[[ Records provided, beginning ]]

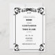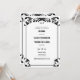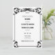 Um convite de casamento branco e preto no oeste do país, com uma elegante, sofisticada, mas simples e elegante moldura decorativa e letra ocidental. Romântico e cheio do charme ocidental do país, é uma escolha adorável para um casamento de celeiro, um casamento ao ar livre, um casamento de churrasco ou qualquer cenário rústico com um tema de casamento country Western, cowboy que também é formal e elegante.
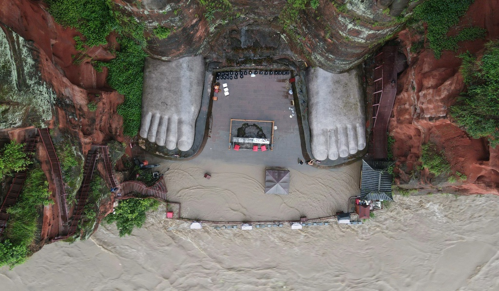 Lần đầu tiên kể từ năm 1949, mực nước sông Trường Giang ngập tới ngón chân của Lạc Sơn Đại Phật ở tỉnh Tứ Xuyên. Chính quyền tỉnh Tứ Xuyên đã nâng mức cảnh báo lũ lụt trên sông Trường Giang lên mức cao nhất, khi một đợt mưa lớn tiếp tục trút nước xuống khu vực này. (Ảnh: China News)
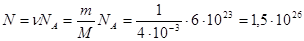 Количество ядер, содержащихся в массе 1 кг гелия, найдём по формуле:
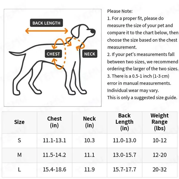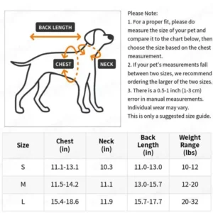 | Size | Chest Girth (in) | Neck Girth (in) | Back Length (in) | Weight Range (lbs) |
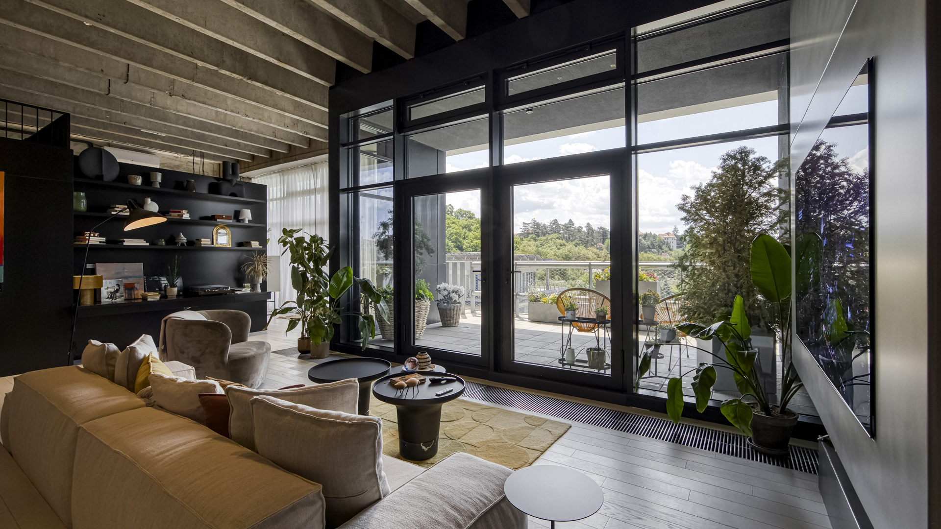 Zajímavé je i řešení celého loftu, kdy je maximálně využitý potenciál otevřeného prostoru, ale zároveň je zachováno soukromí v privátní části. Ze zádveří s denní toaletou se vstupuje přímo do hlavního obývacího prostoru, kterému dominuje na míru stavěná kuchyňská linka se značkovými spotřebiči a kuchyňským ostrůvkem a jídelní stůl. Hned vedle se nachází obývací kout s pohovkou, kterému dodává útulnou atmosféru moderní plynový krb. Na něj navazuje prostorná, jižně orientovaná terasa s krásnými výhledy jak do blízké zeleně, tak směrem k brdským Hřebenům za Prahou. Samozřejmostí je vyvedení vody i elektřiny na terasu, stejně jako elektricky ovládané stínění oken. Stranou každodenního ruchu je pak elegantní ložnice laděná do decentních pastelových barev s vlastním vstupem na terasu. En suite koupelna s prostorným sprchovým koutem a toaletou hned vedle je díky luxferové stěně plná přirozeného světla. Nad zázemím je pak vybudováno praktické spací patro pro přespání návštěv.
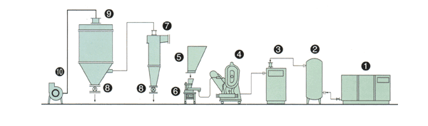 The adiabatic expansion of the pressure gas produces a cooling effect, so that the pulverization is carried out at a low temperature, so it is especially suitable for the pulverization of low melting point and heat-sensitive materials.
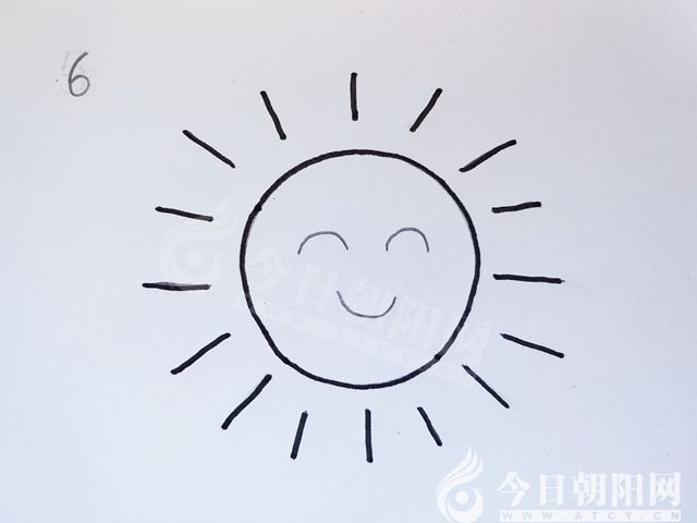 用彎曲的線,畫出太陽的眼睛和嘴巴。
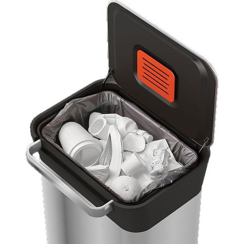 De Titan is voorzien van een stevig pedaal en een in het deksel geïntegreerd geurfilter.
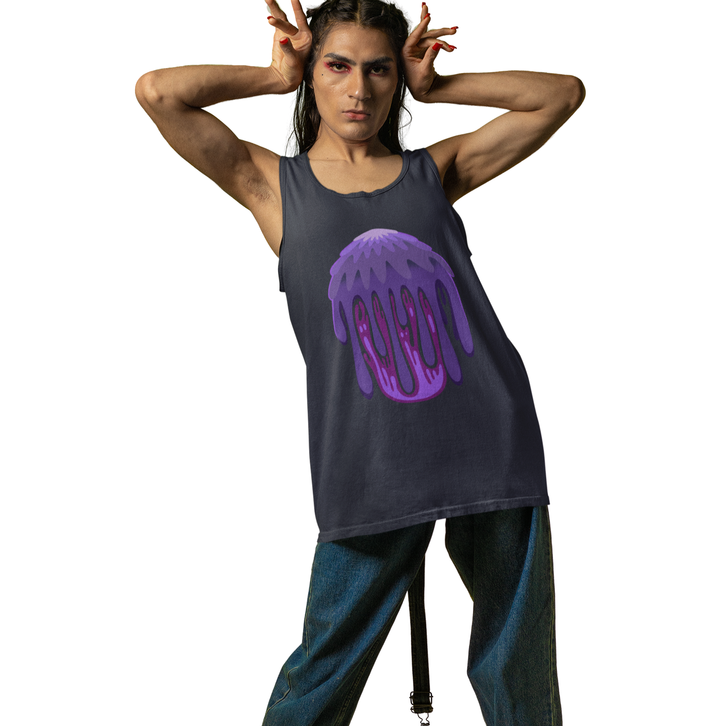 This Toxic Shock Tank brings the same meltdown mood as its tee and long-sleeve siblings — now in a breezy, sleeveless cut. With a surreal purple ooze print on lightweight cotton jersey, it's the perfect drip for summer heat, late-night raves, or mutant daydreams.
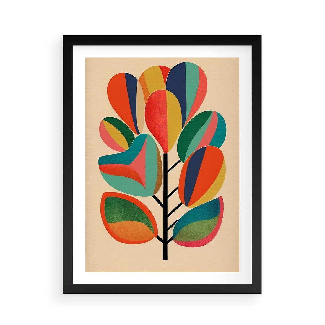 Ten abstrakcyjny obraz ożywa intensywnymi kolorami tęczy, tworząc dynamiczną kompozycję z inspiracją w świecie roślin. Splot różnorodnych form i barw przywołuje naturę w pełnym blasku, dodając wyjątkowego uroku każdemu wnętrzu.
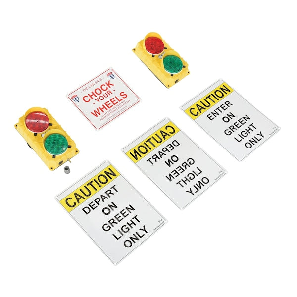 IncludesEconomy, model DTS-5, comes with two (2) yellow polypropylene traffic lights, 6."W x 11."H, each having a green and a red lens. The light containing a push button is placed inside the dock area for the dock attendant, and the other is placed outside for the truck driver.
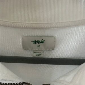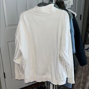 Classic white zip-up sweater by Aerie. Features convenient front pockets. Ideal for layering.

[[ Records provided, end ]]

Using the entries above, transcribe every line from the line containing "Количество ядер, содержащихся" through the line containing "Range (lbs) |". Do not copy pictures.

### Result for this exercise
 Количество ядер, содержащихся в массе 1 кг гелия, найдём по формуле:
 | Size | Chest Girth (in) | Neck Girth (in) | Back Length (in) | Weight Range (lbs) |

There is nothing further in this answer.